An economywid­e trend, the winnowing has been especially severe at the airports, as airlines off-loaded functions like cleaning, curbside baggage-handling and unarmed security to companies that compete for contracts.

The News today compares the salaries and benefits of two workers who toil as unarmed security agents at the airport.

Dolores Holman is employed by a company that provides services directly to the Port Authority, which sets basic wage standards for its contractor­s. Holman is paid $17.43 an hour and gets 15 days’ paid vacation, medical and dental coverage, plus a 401(k) retirement savings plan.

Prince Jackson is on the payroll of a company with an airline contract. He gets the $8-an-hour minimum wage, five days’ vacation and lives in near poverty.

Yet attempting to unionize would be doom. If workers did so, a new nonunion company paying minimum wage would step in to steal their e employer’s contract from the airlines.

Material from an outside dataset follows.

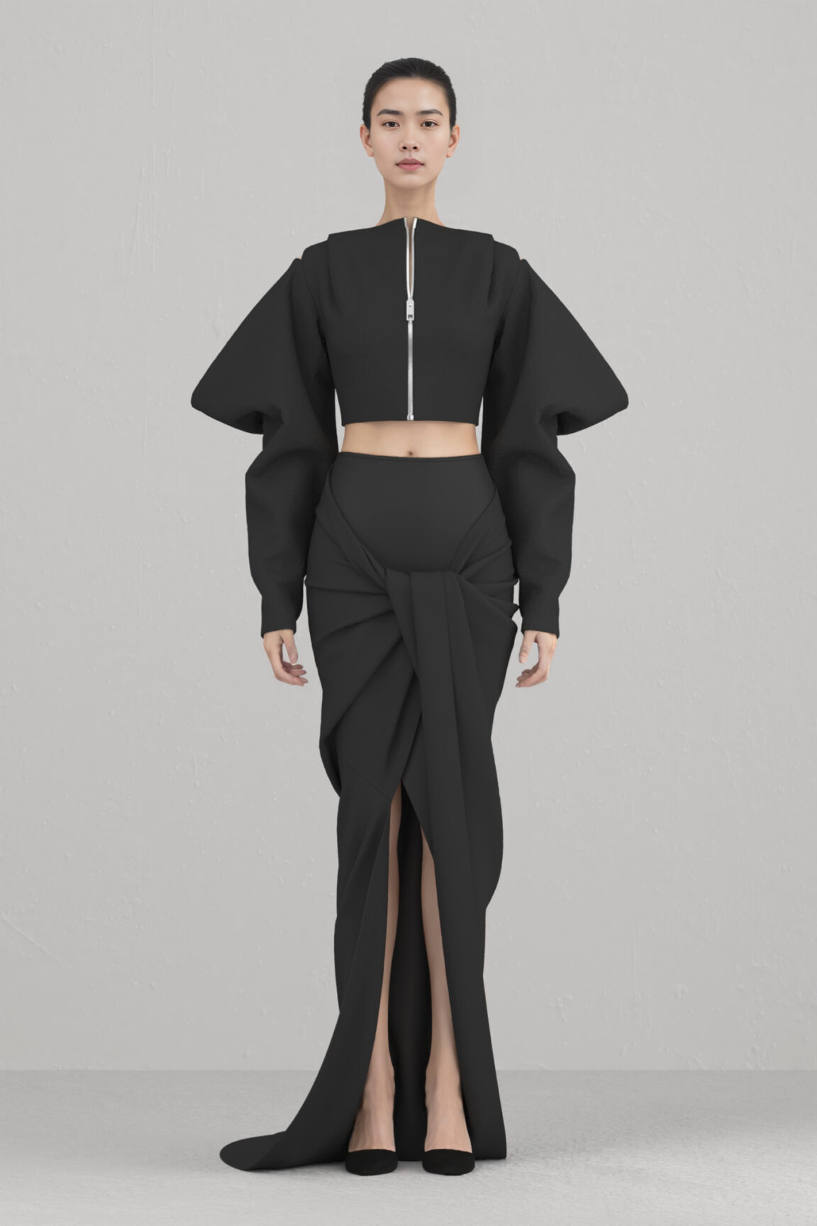 Black Twisted Draped Detailed Skirt with Side Zip

Only government can even the scales. For example, if New York City retains a company to provide unarmed security guards, the firm must pay $15.60 an hour, plus $5.02 an hour in benefits, plus eight paid holidays, 10 vacation days and one sick day for every six months worked. Laudably, de Mayor Blasio has also called for Port Authority action. He can urge; Cuomo can order. There has to be a way. And the governor should pay no mind to the likelihood airlines will scream that, in his words, “It’s more expensive to fly into New York than anywhere else.”

Perhaps so, but no one with a conscience could justify holding the line on costs by grinding workers into poverty.